* _Exercise description_:
From the material below, please set down exactly the lines starting with the one with "Dann geht es" and going on through the one with "Vintage Children s", without a single picture.

* _The input_:
────────────────
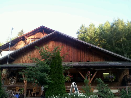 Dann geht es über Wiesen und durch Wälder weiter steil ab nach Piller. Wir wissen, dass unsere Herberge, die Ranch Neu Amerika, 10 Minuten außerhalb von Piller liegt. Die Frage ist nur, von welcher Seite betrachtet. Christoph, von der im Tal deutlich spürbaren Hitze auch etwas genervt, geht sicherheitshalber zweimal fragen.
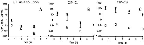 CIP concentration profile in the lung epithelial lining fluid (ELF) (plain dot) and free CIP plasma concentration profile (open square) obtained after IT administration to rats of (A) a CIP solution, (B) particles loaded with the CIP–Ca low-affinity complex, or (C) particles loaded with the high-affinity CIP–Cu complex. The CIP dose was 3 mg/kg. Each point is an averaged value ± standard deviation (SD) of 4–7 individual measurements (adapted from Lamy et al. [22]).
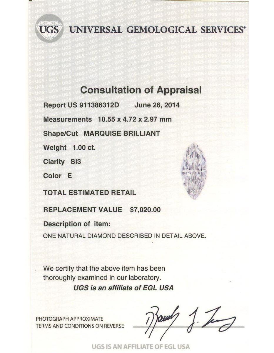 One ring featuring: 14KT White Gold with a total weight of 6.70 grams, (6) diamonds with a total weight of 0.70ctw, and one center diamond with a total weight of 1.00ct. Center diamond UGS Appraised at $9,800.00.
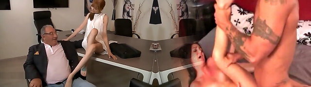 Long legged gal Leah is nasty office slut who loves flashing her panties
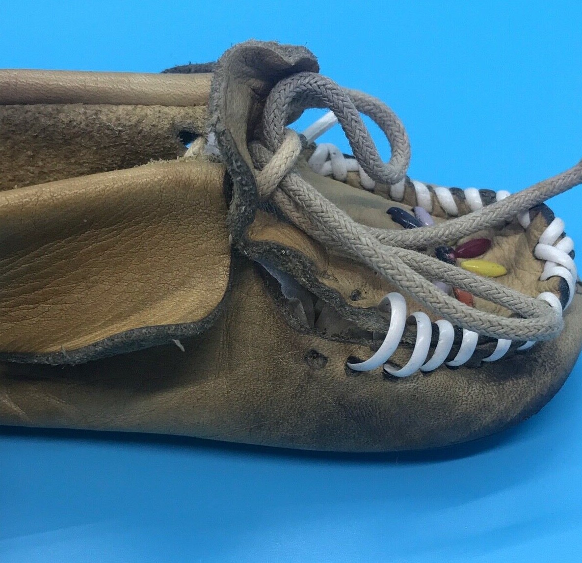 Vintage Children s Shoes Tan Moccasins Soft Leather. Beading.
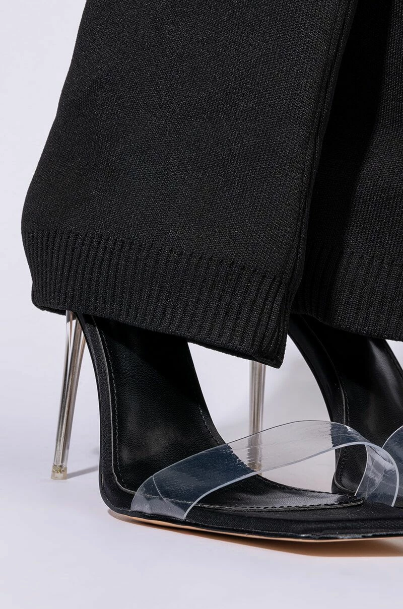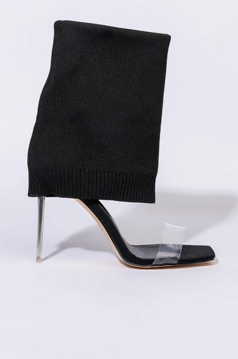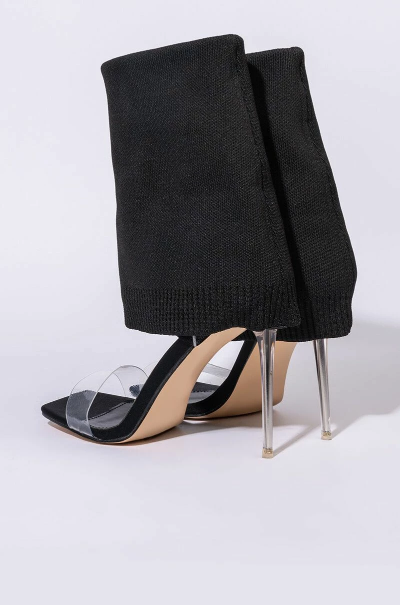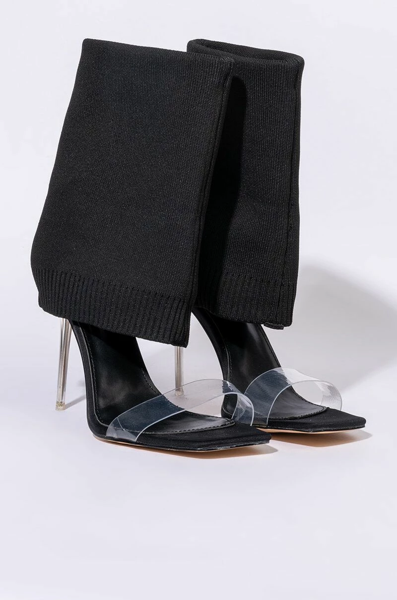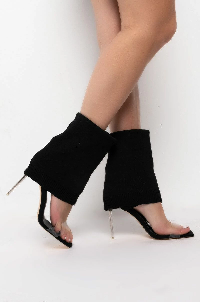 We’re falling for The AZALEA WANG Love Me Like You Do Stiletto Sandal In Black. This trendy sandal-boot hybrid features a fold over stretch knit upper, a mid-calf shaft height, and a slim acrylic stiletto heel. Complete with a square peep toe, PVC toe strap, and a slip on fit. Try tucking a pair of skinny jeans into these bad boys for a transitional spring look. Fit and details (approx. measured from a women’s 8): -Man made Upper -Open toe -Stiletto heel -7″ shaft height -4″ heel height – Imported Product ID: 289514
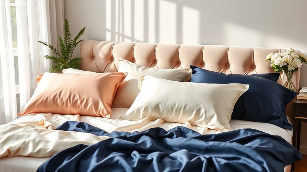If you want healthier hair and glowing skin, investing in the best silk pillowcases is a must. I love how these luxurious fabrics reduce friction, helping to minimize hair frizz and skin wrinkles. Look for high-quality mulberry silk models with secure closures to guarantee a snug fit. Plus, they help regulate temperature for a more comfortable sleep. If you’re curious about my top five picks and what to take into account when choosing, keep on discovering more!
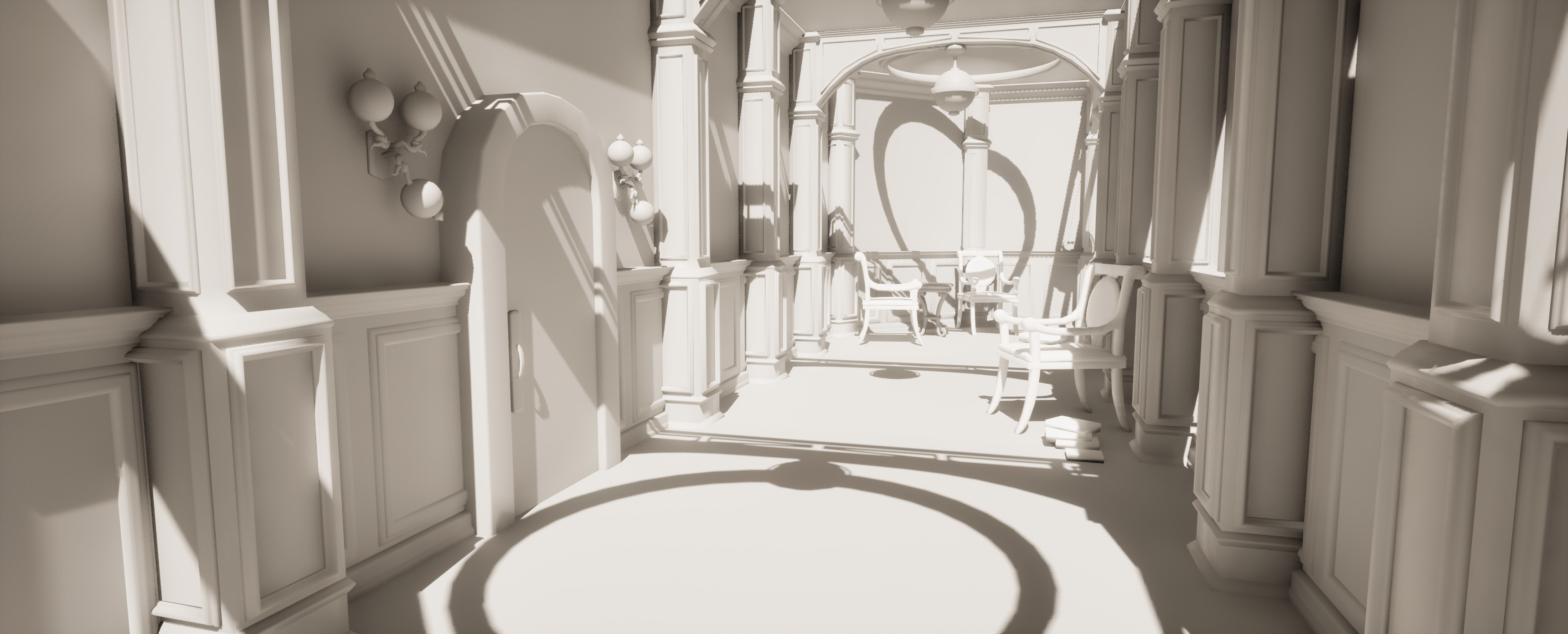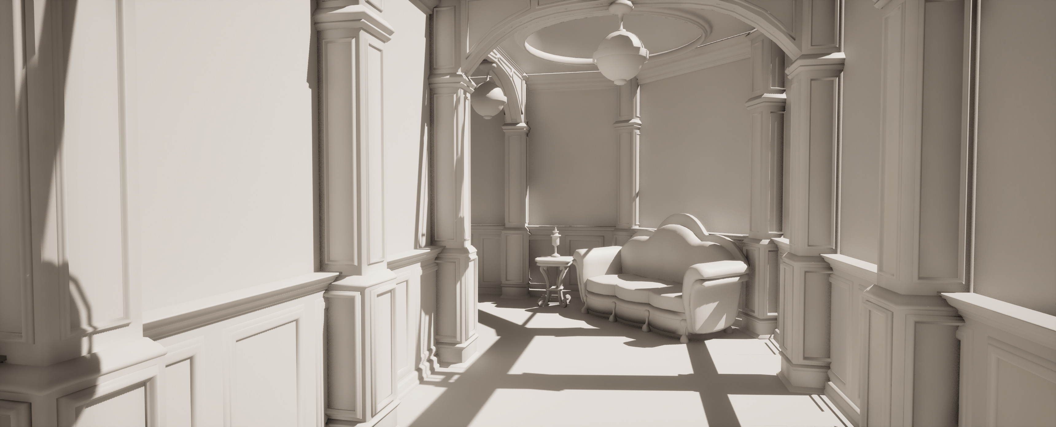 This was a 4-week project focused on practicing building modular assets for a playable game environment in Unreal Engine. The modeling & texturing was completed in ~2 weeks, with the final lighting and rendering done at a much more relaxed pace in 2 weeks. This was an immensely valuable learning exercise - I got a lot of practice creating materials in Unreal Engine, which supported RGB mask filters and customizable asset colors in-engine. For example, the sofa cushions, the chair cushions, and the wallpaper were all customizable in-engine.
────────────────
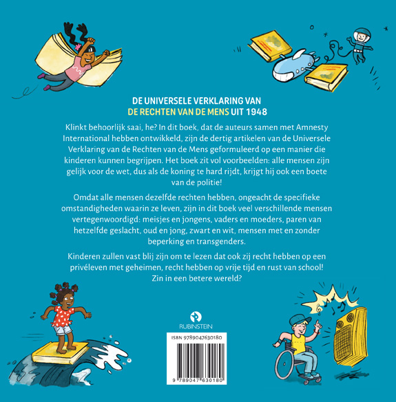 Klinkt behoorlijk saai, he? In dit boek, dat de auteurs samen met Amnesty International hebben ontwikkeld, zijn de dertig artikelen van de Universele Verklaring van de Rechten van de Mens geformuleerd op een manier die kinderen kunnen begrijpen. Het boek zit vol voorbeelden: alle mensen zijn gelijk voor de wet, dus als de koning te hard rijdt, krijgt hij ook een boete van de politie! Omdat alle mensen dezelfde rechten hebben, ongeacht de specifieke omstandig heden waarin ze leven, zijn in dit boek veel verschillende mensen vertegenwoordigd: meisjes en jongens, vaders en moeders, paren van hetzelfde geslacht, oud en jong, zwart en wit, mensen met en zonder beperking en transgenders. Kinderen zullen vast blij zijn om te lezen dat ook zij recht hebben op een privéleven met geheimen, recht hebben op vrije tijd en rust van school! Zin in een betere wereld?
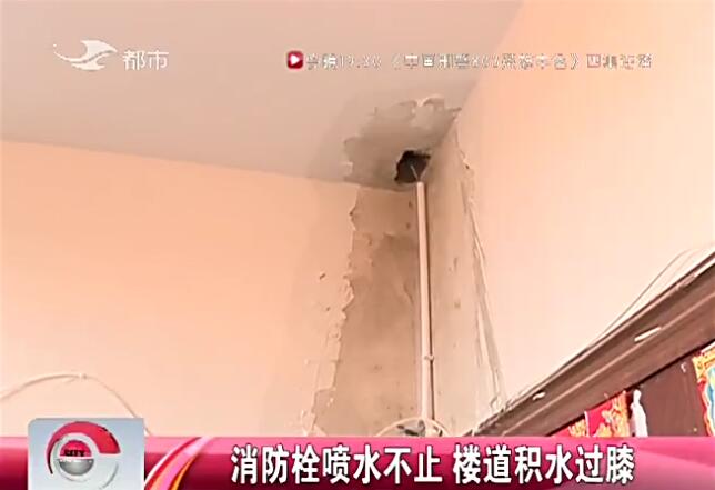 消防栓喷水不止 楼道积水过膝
────────────────
* _Written answer_:
 Dann geht es über Wiesen und durch Wälder weiter steil ab nach Piller. Wir wissen, dass unsere Herberge, die Ranch Neu Amerika, 10 Minuten außerhalb von Piller liegt. Die Frage ist nur, von welcher Seite betrachtet. Christoph, von der im Tal deutlich spürbaren Hitze auch etwas genervt, geht sicherheitshalber zweimal fragen.
 CIP concentration profile in the lung epithelial lining fluid (ELF) (plain dot) and free CIP plasma concentration profile (open square) obtained after IT administration to rats of (A) a CIP solution, (B) particles loaded with the CIP–Ca low-affinity complex, or (C) particles loaded with the high-affinity CIP–Cu complex. The CIP dose was 3 mg/kg. Each point is an averaged value ± standard deviation (SD) of 4–7 individual measurements (adapted from Lamy et al. [22]).
 One ring featuring: 14KT White Gold with a total weight of 6.70 grams, (6) diamonds with a total weight of 0.70ctw, and one center diamond with a total weight of 1.00ct. Center diamond UGS Appraised at $9,800.00.
 Long legged gal Leah is nasty office slut who loves flashing her panties
 Vintage Children s Shoes Tan Moccasins Soft Leather. Beading.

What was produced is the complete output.